• Task material
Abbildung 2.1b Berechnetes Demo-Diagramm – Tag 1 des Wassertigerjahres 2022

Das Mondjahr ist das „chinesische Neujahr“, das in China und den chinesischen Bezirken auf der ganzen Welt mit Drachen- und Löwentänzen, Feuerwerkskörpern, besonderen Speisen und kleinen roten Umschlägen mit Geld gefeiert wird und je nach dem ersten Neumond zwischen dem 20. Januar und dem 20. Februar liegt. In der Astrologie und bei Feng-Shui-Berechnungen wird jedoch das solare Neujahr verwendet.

--

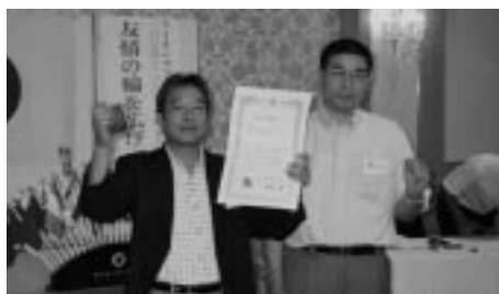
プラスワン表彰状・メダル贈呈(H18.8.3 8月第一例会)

• Activity
Whatever else the listing above holds, retype exactly only the lines from the one containing "Abbildung 2.1b Berechnetes" to the one containing "Das Mondjahr ist", both ends kept.

• Result of this task
Abbildung 2.1b Berechnetes Demo-Diagramm – Tag 1 des Wassertigerjahres 2022

Das Mondjahr ist das „chinesische Neujahr“, das in China und den chinesischen Bezirken auf der ganzen Welt mit Drachen- und Löwentänzen, Feuerwerkskörpern, besonderen Speisen und kleinen roten Umschlägen mit Geld gefeiert wird und je nach dem ersten Neumond zwischen dem 20. Januar und dem 20. Februar liegt. In der Astrologie und bei Feng-Shui-Berechnungen wird jedoch das solare Neujahr verwendet.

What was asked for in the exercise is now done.